▸ PROMPT: Please copy the listing that follows exactly, leaving out any pictures.

▸ INFORMATION SHOWN:
Segment Open

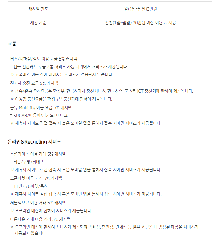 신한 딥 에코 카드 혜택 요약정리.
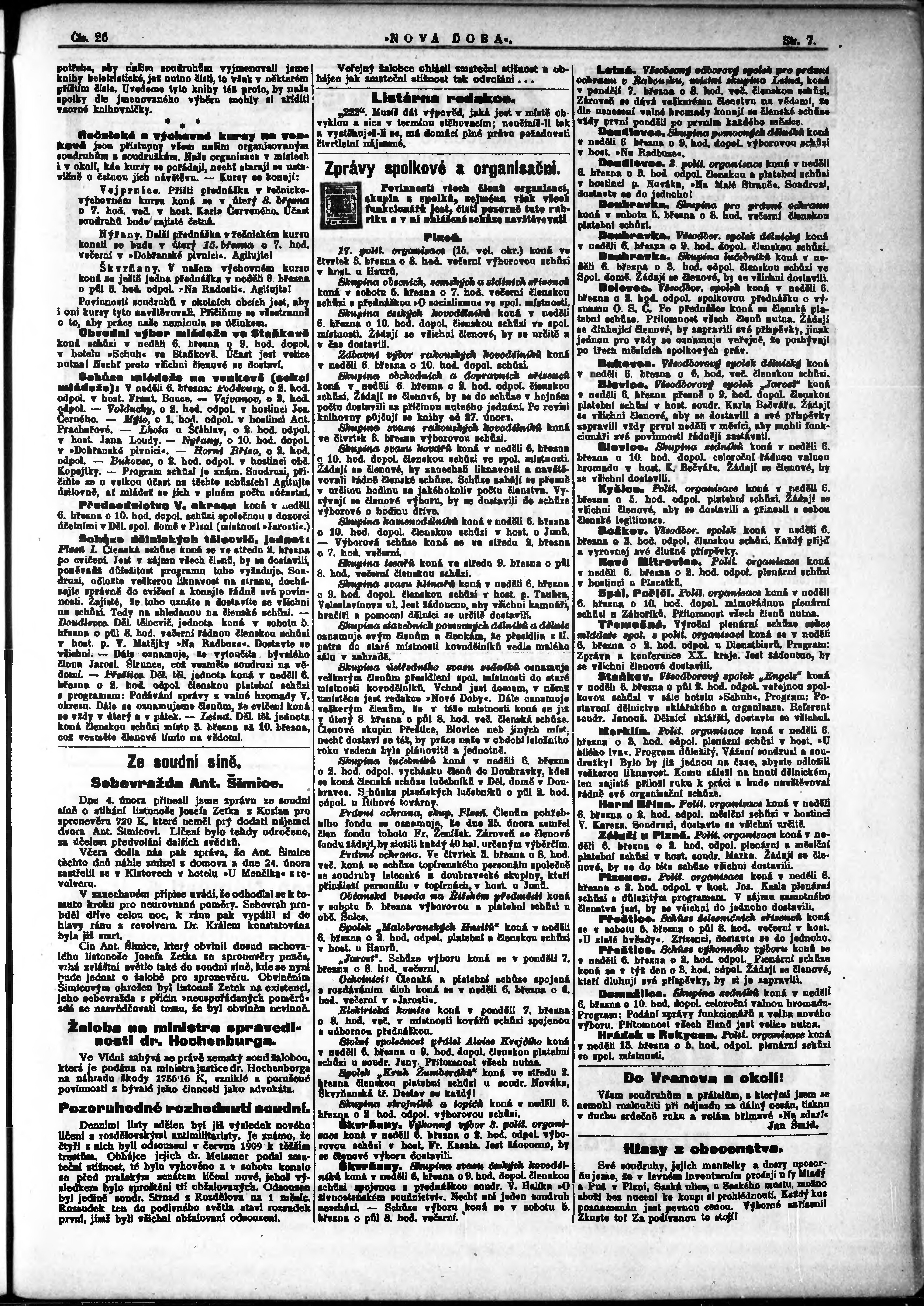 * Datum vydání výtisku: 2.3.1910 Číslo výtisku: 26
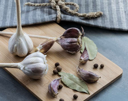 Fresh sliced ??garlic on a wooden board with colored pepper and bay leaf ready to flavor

Segment Closed

▸ ANSWER AREA:
 신한 딥 에코 카드 혜택 요약정리.
 * Datum vydání výtisku: 2.3.1910 Číslo výtisku: 26
 Fresh sliced ??garlic on a wooden board with colored pepper and bay leaf ready to flavor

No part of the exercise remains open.